Um, yes. Obviously not remember directly, but that is what is in history books.
Most Americans lived in small rural communities and seldom left their farm and immediate community. When they travelled at all it would be by horse and buggy, and would take forever to get to the nearest train station, and then forever from the end of the line to wherever they had to go. If people lived farther away you would see them once every couple of years and otherwise letter write them.

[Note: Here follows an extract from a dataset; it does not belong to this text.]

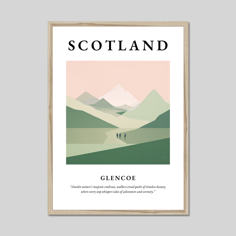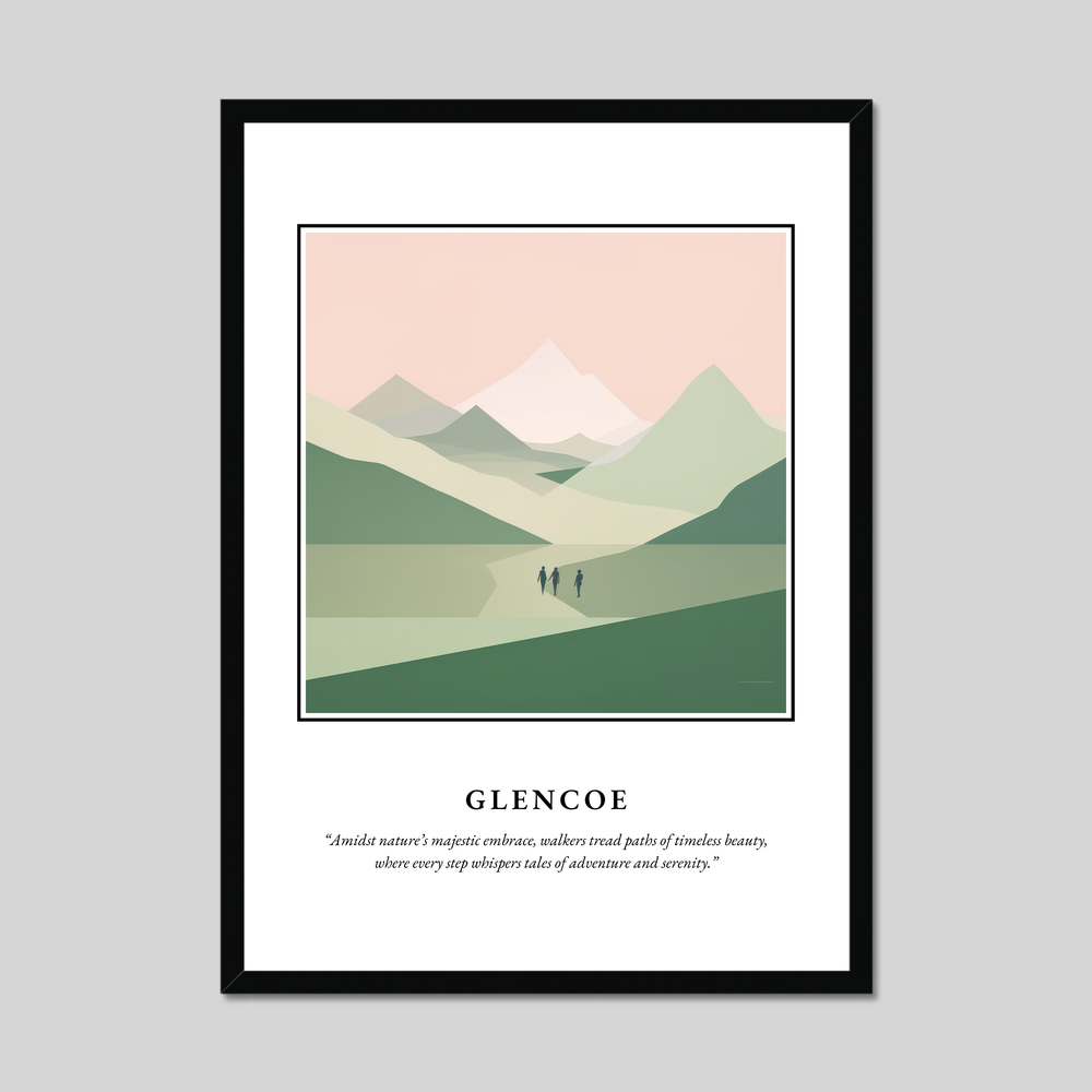 Beneath the image lies a heartfelt quote: “Amidst nature’s majestic embrace, walkers tread paths of timeless beauty, where every step whispers tales of adventure and serenity.” This encapsulates the spirit of Glencoe, making this poster an ideal addition for adventurers, art lovers, and anyone with cherished memories of this iconic locale.

We should build out robust train networks to reduce as many cars as possible, but at the same time the idea that you’ll eliminate cars completely is quite frankly, completely divorced from reality. I personally do not own a car and have spend a huge amount of money on a cargo bike to avoid having to buy a car. But guess what? There is still a very clear limit on the size of object I can transport (smaller than virtually any piece of furniture), it’s unpleasant to infeasible to use in the rain depending on the load, and it is flat out unusable in the winter with snow and ice, so I end up using a car share service semi-regularly. I’ve thought about putting on bigger wheels, extending the bed, adding better suspension, a roof, and another set of wheels for balance, but now I’ve invented a car. And that’s not to mention driving out to nature preserves for camping, hiking, rock climbing, mountain biking etc. nor visiting family and friends who live out in the country not near any bus stops or train stations.
As long as cars exist, AVs will be better than human drivers, and literally no one has ever presented a remotely feasible and practical plan for eliminating cars.

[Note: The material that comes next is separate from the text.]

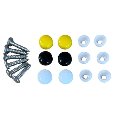Pack of 6 high quality screws and cover caps for fixing number plates to vehicles, caravan's, trailers etc. This is a premium kit featuring strong watertight, clip-on style screw caps and A2 grade stainless steel screws. The screw caps are a two piece design and offer advantages over the cheaper hinged push-in style. They form a watertight seal over the screw to avoid corrosion and staining of the number plate / vehicle. The caps clip on tightly and will not work off, unlike the push-in / hinged type which often re-open after a while. The screws are made from high quality A2 stainless steel to avoid corrosion and are standard size for number plate fixings, suitable for the majority of applications. No. 8 gauge (approx. 4mm thread), pan cross head, 3/4" inch (19mm length). The pack contains 6 screw caps (2 each of yellow, black and white), 6 washers and 6 screws. The colours are matched accurately to standard number plate colours. To install, simply place the screw through the washer and fix the number plate as required. Then place the screw cap over the washer in an angled fashion. Firmly press the screw cap onto the washer until a click is heard and the screw cap is sitting flush with the number plate surface. Also ideal for a wide variety of exterior and interior applications including bathrooms, kitchens and DIY projects.

alyaza@beehaw.org 3 months ago
okay but: literally none of this follows from mass-adoption of autonomous vehicles. this is a logical leap you are making with no supporting evidence—there is no evidence that if mass-adoption occurs this will follow—and in general the technology is subject to far more fabulism and exaggeration (like this!) than legitimate technological advancement or improvement of society.

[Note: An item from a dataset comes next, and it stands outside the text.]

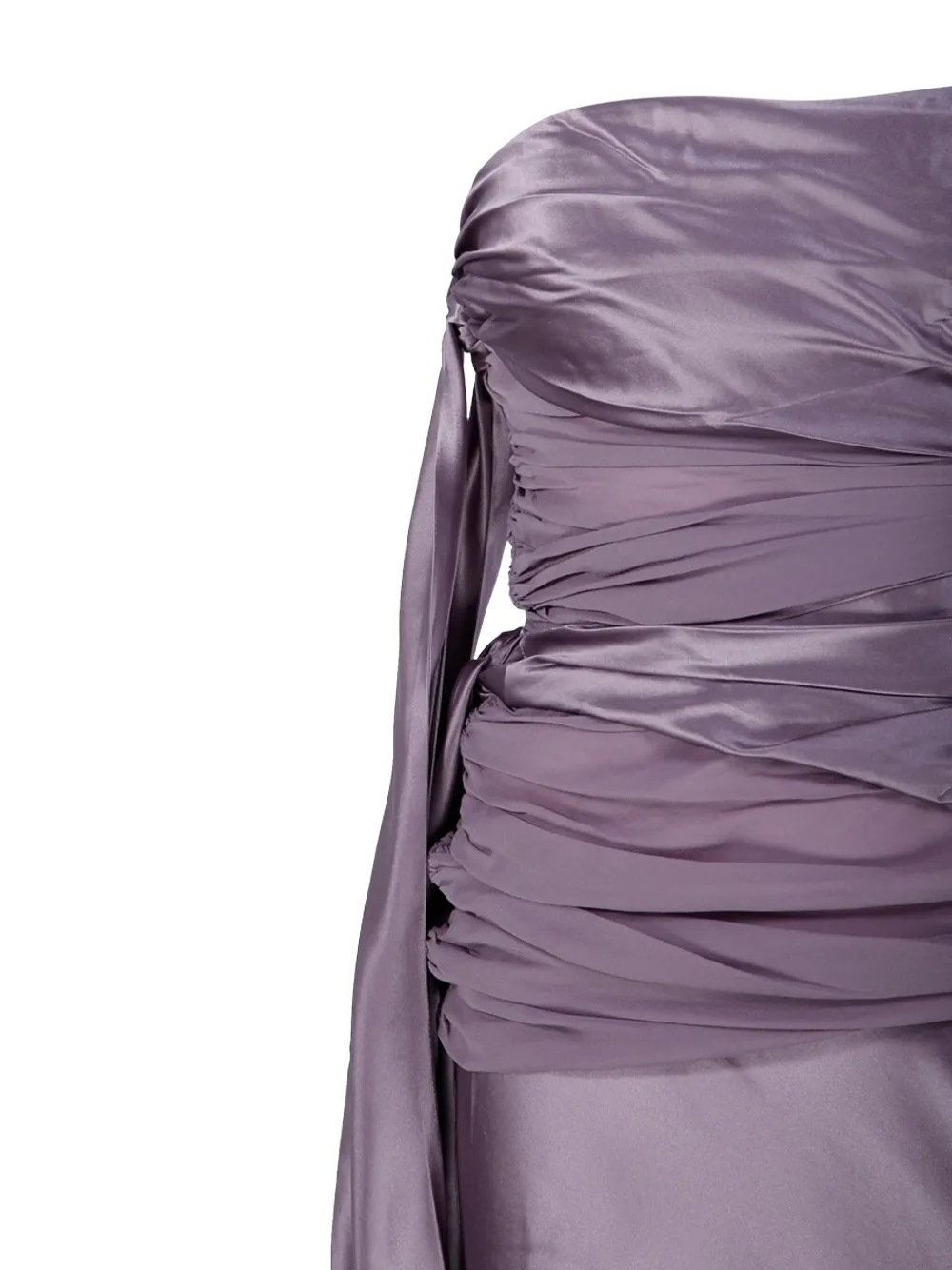 Фиолетовый без бретелек, драпированный лиф, асимметричный подол

masterspace@lemmy.ca 3 months ago
Yes, I have no doubt there would be induced demand, but that extra demand wouldn’t be at the cost of anything. Induced demand is a problem when we, for instance, build new roads or widen existing ones, because then more people drive and they clog up the same as they were before. That’s a bad thing because the cost of adding this capacity is that we have to tear down nature and existing city to add lanes, and then we have more capacity that sits at a standstill leading to more emissions.
But with AVs add more capacity to our roads, that will be entirely because they are driving more efficiently. We’ll have the same amount of cars on the road at any given time, meaning that there will be only minor emissions increases and we won’t be tearing anything down to build more giant highways.
You’re asking for something that does not exist. How am I supposed to provide you evidence proving what the results of mass adoption of AVs will be when there has never been a mass adoption of AVs.
Again, it’s never actually been rolled out on a mass scale. It’s a technology still being actively developed. Neither of us know what the end results will be, but I put forth plausible reasoning to my speculation, if you have plausible reasoning why those things won’t come to pass I’m all ears.